The 411 on focus trapping in modals | Blog

It's a (focus) trap!

Admiral Ackbar from Star Wars yelling it's a trap in complete shock

For today's entry on focus trapping, I hope to keep things simple and illustrative to highlight its importance for modals.

Light technical discussion included. Hopefully not a cure for insomnia.

Before we dive into what focus trapping is, let's talk about keyboard trapping. If a user relies on a keyboard to navigate websites using Tab and Shift plus Tab, keyboard trapping can occur in widgets that don't consider them.

Imagine you're using your mouse to move up and down a webpage. After you scroll past a certain point, prior content on the page vanishes. You're now only able to view and interact with a subset of the page, no matter where you click or how rapidly you accelerate your mousewheel in righteous fury.

That's the mouse equivalent of a keyboard trapping experience.

Frustrating? A WCAG (Web Content Accessibility Guidelines) level A violation? Why not both?

Why?

Keyboard trapping happens when focus is programmatically shifted into a widget and the unshifting logic is neglected for keyboard interactions. I don't often see this in modals, but when it does happen a likely cause is the close or cancel button using the HTML <svg> element instead of the <button> element.

In the following example, <button> will receive focus when pressing Shift or Shift plus Tab but <svg> won't.

<html lang="en">
<body>
  <svg><text>Close Button</text></svg>
  <button>Close Button</button>
</body>
</html>

Unlike <button>, <svg> doesn't ordinarily receive focus through keyboard interactions.
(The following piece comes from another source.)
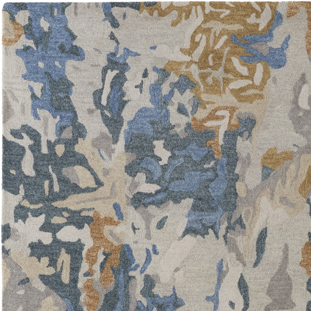 abstract hand tufted area rug, hand tufted area rug, tufted area rug, wool abstract hand tufted area, 12' X 15' gray blue gold wool |

Regardless, <svg> is a decorative element and very popular on the modern web. If someone uses an unmodified <svg> as a modal's close button they'd be unintentionally keyboard trapping their users.

Without further ado: focus trapping

Focus trapping is the altering of all webpage content external to a widget (in this case, our modal) to make that content not focusable while the widget is open. This is a good thing. And yet, keyboard trapping is bad. What's the difference?
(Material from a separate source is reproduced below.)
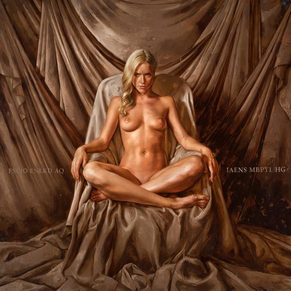 Aaron Nagel made this painting, Majesty, with a meticulous layering of oil paint. I mean, check out how he builds up the form, almost like he's sculpting with light. The way Nagel handles paint is interesting; it's both precise and suggestive, right? Like in the folds of the leather sofa, where the light catches, you can see the physical drag of the brush, tiny ridges that describe the texture. Then there’s that inscription in the background. It feels like a shadow, literally and figuratively, playing off the luminosity of the figure. Looking at this, I’m reminded of Lucian Freud, especially in the way Nagel captures the weight and warmth of the body, but with a contemporary twist that feels both classical and utterly now. It's a dialogue across time, another artist wrestling with seeing and representing.
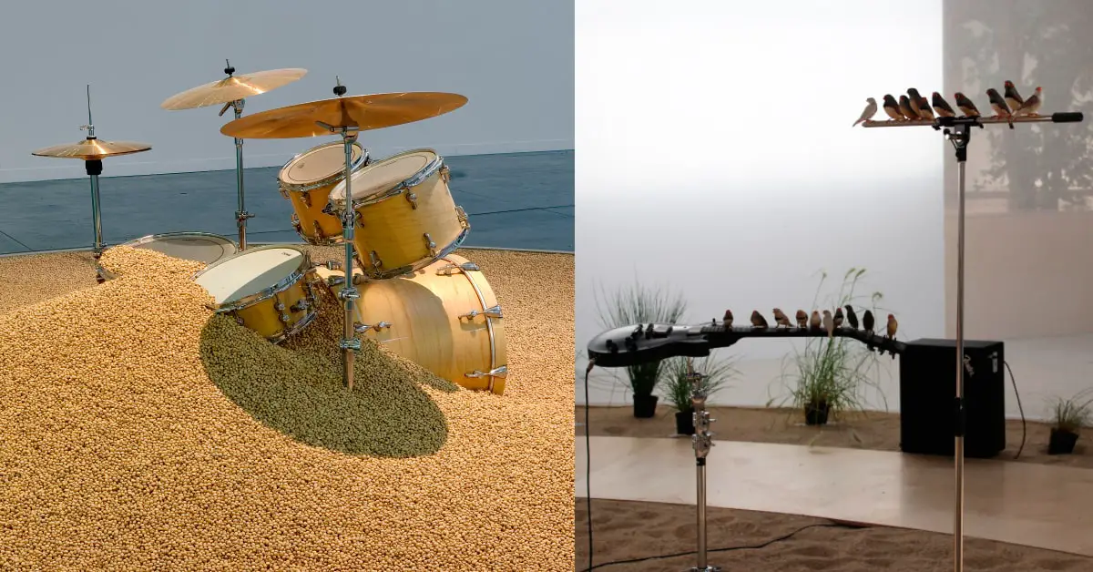 "Fluide" de Céleste Boursier-Mougenot à la Hab Galerie - Expérience étonnante à découvrir : la musique est jouée par des oiseaux et des noyaux de cerises...

Remember from our mouse-equivalent-to-keyboard-trapping experience: the user's actions made no difference after they scrolled and experienced their slop-coded content lockout. Proper focus trapping is always escapable.

If we don't focus trap, pressing Tab or Shift plus Tab within a modal could move focus outside of the modal and back into external webpage content while the modal remains open. That's a potentially confusing or harmful outcome. Ask yourself the following to understand why:

As a non-visual user, am I supposed to know that I just exited my modal's interface via keyboard and yet it's still open?
As a non-visual user, if I keyboard navigate back to the still-open modal, will it surprise me if I expect other content in its place?
As a keyboard user, do I find your modal's nonstandard behavior disruptive compared to other applications?

Try keyboard navigating in the WC3's accessible dialogue example. Notice how once the modal is open and you press Tab or Shift plus Tab, focus can't shift outside of it to anywhere else on the webpage that was formerly interactable?

Interestingly, in Github's Settings modals you can keyboard navigate into the address bar while the modal is open.

Access to user controls is the only exception to outside content that can be exposed in a focus trapped modal. However, I generally don't see that behavior defaulted to in accessible component libraries' modals. Even the WC3's example doesn't feature it.

When making my own modals, I opt for the behavior in the WC3's implementation since it seems to be a normalized expectation for keyboard users. And yet, if my users preferred access to user controls in open modals I'd be happy to oblidge. WCAG (Web Content Accessibility Guidelines) should help people out, after all.

Wrapping up: the process

Before concluding, I'll provide an overview of each step in a robust modal focus trap. Maybe it'll help you debug or write your own code?

The last focused element on the webpage - almost always a HTML <button> element - is stored to be referenced later.
All webpage content outside the modal is programmatically hidden from focus. This means everything that'd normally be accessed with Tab or Shift plus Tab such as HTML <input> and <a> elements has tabIndex=-1 applied to it.
An array of the modal's focusable elements like <input> and <button> is created. Some modals programmatically focus their title, usually a HTML <h2> element. Since text doesn't ordinarily receive keyboard focus, tabIndex=0 is applied to the title so it's the first thing keyboard users access before the modal's controls.
When Shift or Shift plus Tab are pressed, some JavaScript checks against the array of modal focusable elements. If the user is at the last index in their array and presses Shift, their focus is programmatically shifted to the first array element. If the user is at the first index in their array and presses Shift plus Tab, their focus is programmatically shifted to the last array element.
When the modal's close button is clicked or selected by keyboard, focus is returned to the last focused element from step 1 and tabIndex=-1 is removed from the elements that were hidden in step 2.

A lot goes on behind the scenes to make stuff accessible! That's why it's a great decision to use semantic HTML elements like <button>. They tend to have inbuilt keyboard functionality you may not be aware of.

Above all else, remember: focus on focus trapping your modals.

Patrick Star from Spongebob thumbing down and booing a cheesy joke

Note to self: write a better sounding outro next time.